Effects of Monod kinetics on population dynamics
This study has provided experimental data for an evolutionary process, which can be described with a deterministic model in large populations and which becomes stochastic when the population size is in the range of 1/(mutation rate) or smaller. Moreover, it has been demonstrated how a selection-driven evolution, like the one studied here and investigated previously (Dykhuizen & Hartl, 1981 ; Hartl & Dykhuizen, 1979 ), can proceed as a function of absolute time passed (i.e., clock-like) rather than as a function of the number of generations. We want to emphasize that the model presented here can explain the apparent clock-like behaviour for this special case of selection-driven chemostat evolution under glucose limitation, but of course, it does not serve as a general explanation for the molecular clock observed in amino acid substitution rates (Zuckerkandl & Pauling, 1965 ).

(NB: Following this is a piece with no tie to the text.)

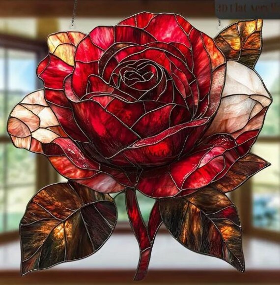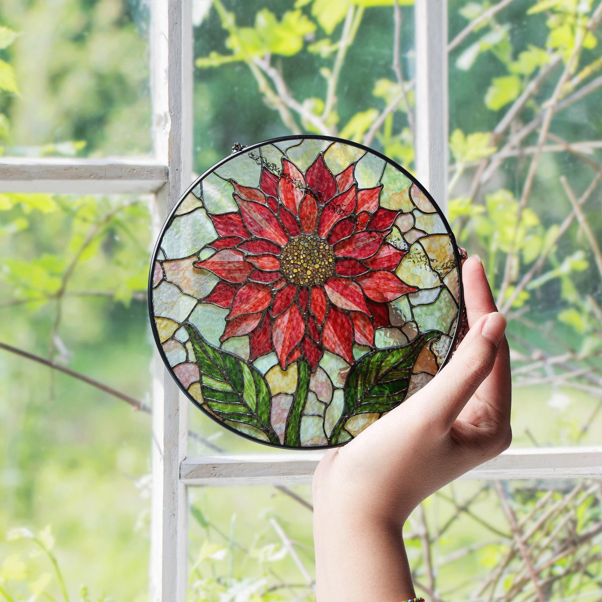 Große Rote Blume Acryl Fensterbehang - Buntglas Sonnenfänger 20cm Durchmesser

The apparent clock-like behaviour becomes evident when we plot the time-course of the improvement of Ks either as a function of time (Fig. 9a) or as a function of generations (Fig. 9b). At dilution rates of 0·3 h-1 and 0·1 h-1 the evolution of Ks is almost identical and, except for the first 100 h, the Ks exhibited by the evolving cultures is always similar. The evolution at 0·53 h-1 is also quite similar, although Ks values are always higher at given time points.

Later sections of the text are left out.